▶ [EXERCISE GOAL]:
Pictures are to be omitted. Output only the lines from the one containing "A semi-biographical account" through the end of the data, word for word.

▶ [SUPPLIED INFORMATION]:
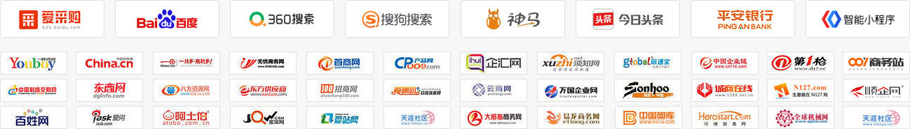 一比多 八方資源網(wǎng) K2商務(wù)網(wǎng) 首商網(wǎng) 無憂商務(wù)網(wǎng) 金屬期貨 蜘蛛客 第一槍 淘金地 萬國企業(yè)網(wǎng) 誠商在線 搜好貨網(wǎng) 供求信息網(wǎng) 如意寶建站 如意問答 最新商機 中國供應(yīng)商 卓采匯 搜貨寶 100推 企業(yè)聯(lián)合網(wǎng) 領(lǐng)商網(wǎng)
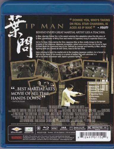 A semi-biographical account of Yip Man, the first martial arts master to teach the Chinese martial art of Wing Chun. The film focuses on events surrounding Ip that took place in the city of Foshan between the 1930s to 1940s during the Second Sino-Japanese War. Directed by Wilson Yip, the film stars Donnie Yen in the lead role, and features fight choreography by Sammo Hung.
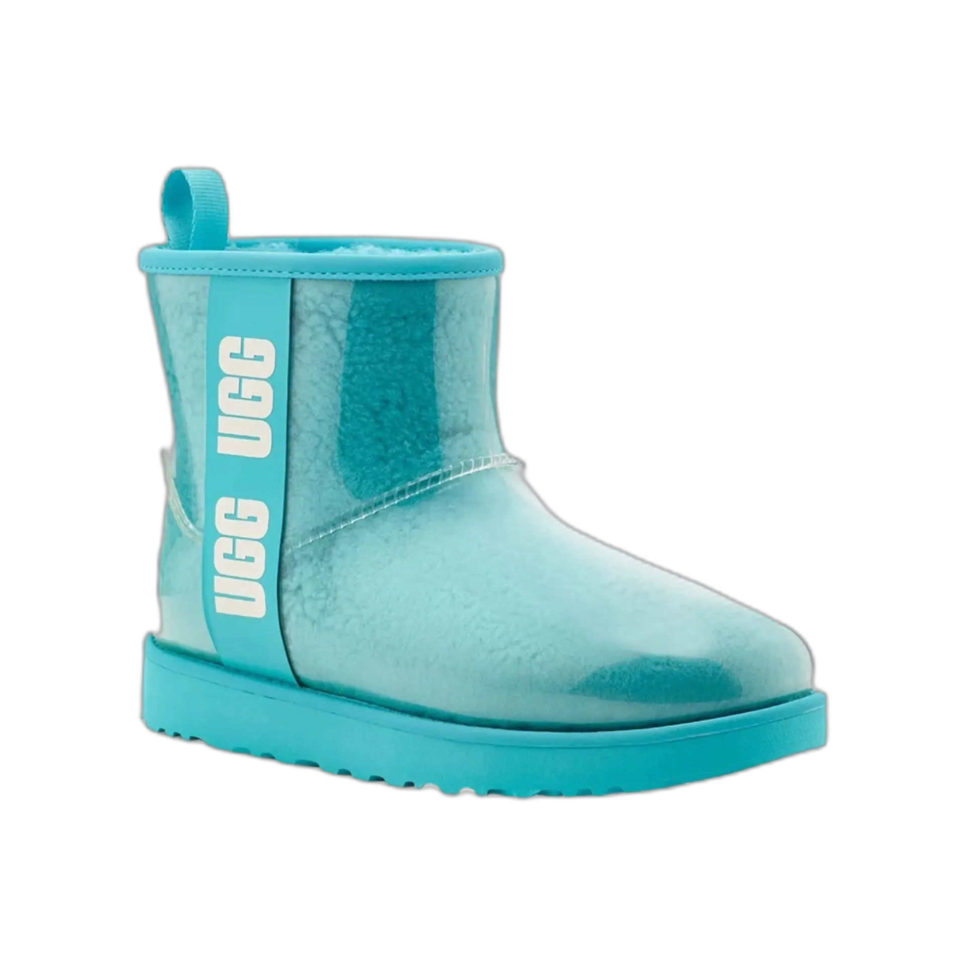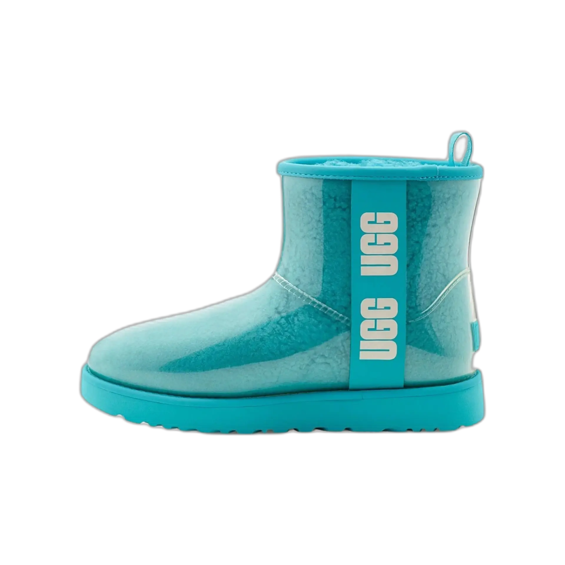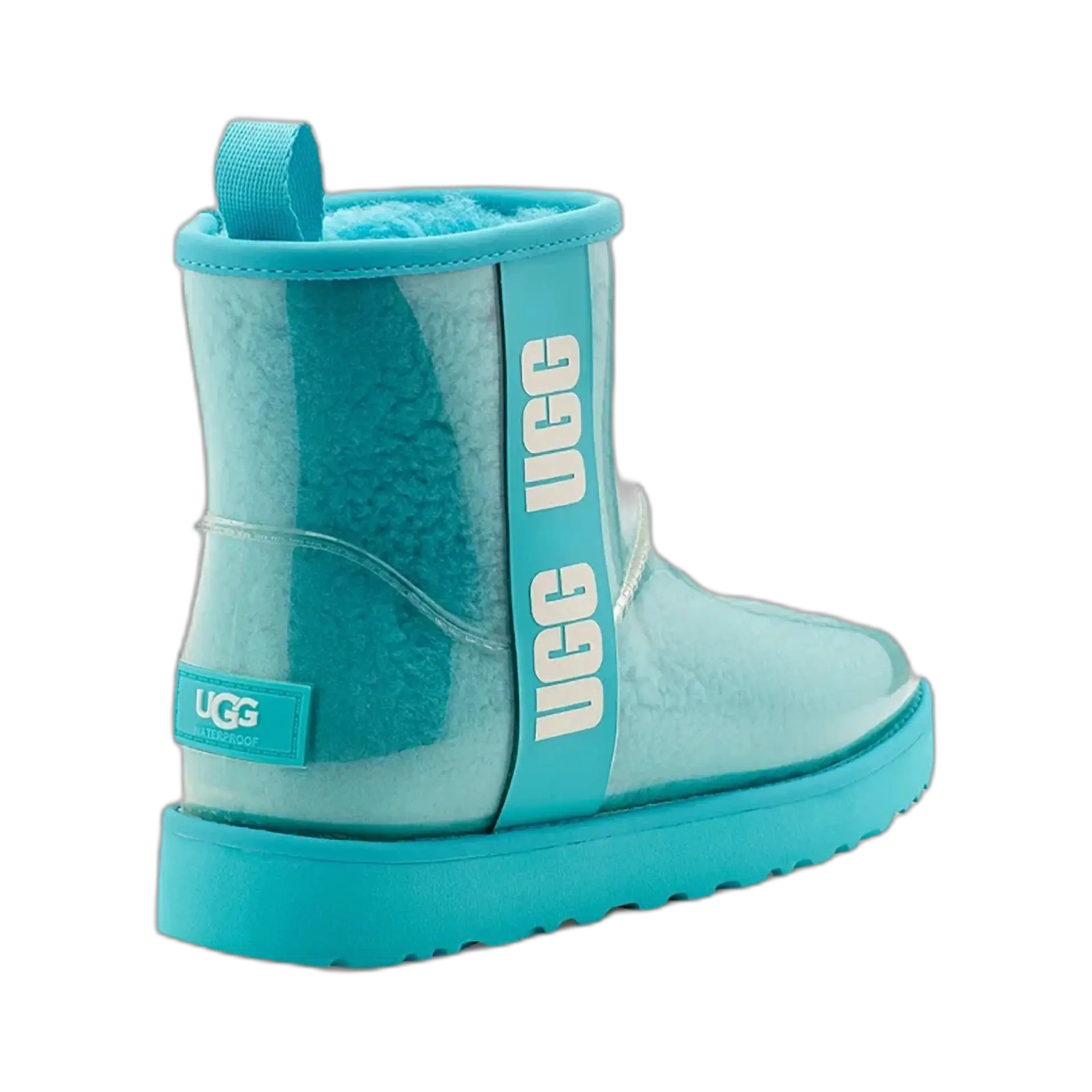 Quand l’iconique UGG rencontre la pluie, ça donne cette botte imperméable au look totalement assumé. L’extérieur en TPU transparent laisse apparaître la doublure laine bouclée ultra-confortable, pour un effet visuel unique. Résistante, chaude, audacieuse : elle traverse l’hiver avec style, que tu sois en ville ou en station.

▶ [TASK RESPONSE]:
 A semi-biographical account of Yip Man, the first martial arts master to teach the Chinese martial art of Wing Chun. The film focuses on events surrounding Ip that took place in the city of Foshan between the 1930s to 1940s during the Second Sino-Japanese War. Directed by Wilson Yip, the film stars Donnie Yen in the lead role, and features fight choreography by Sammo Hung.
 Quand l’iconique UGG rencontre la pluie, ça donne cette botte imperméable au look totalement assumé. L’extérieur en TPU transparent laisse apparaître la doublure laine bouclée ultra-confortable, pour un effet visuel unique. Résistante, chaude, audacieuse : elle traverse l’hiver avec style, que tu sois en ville ou en station.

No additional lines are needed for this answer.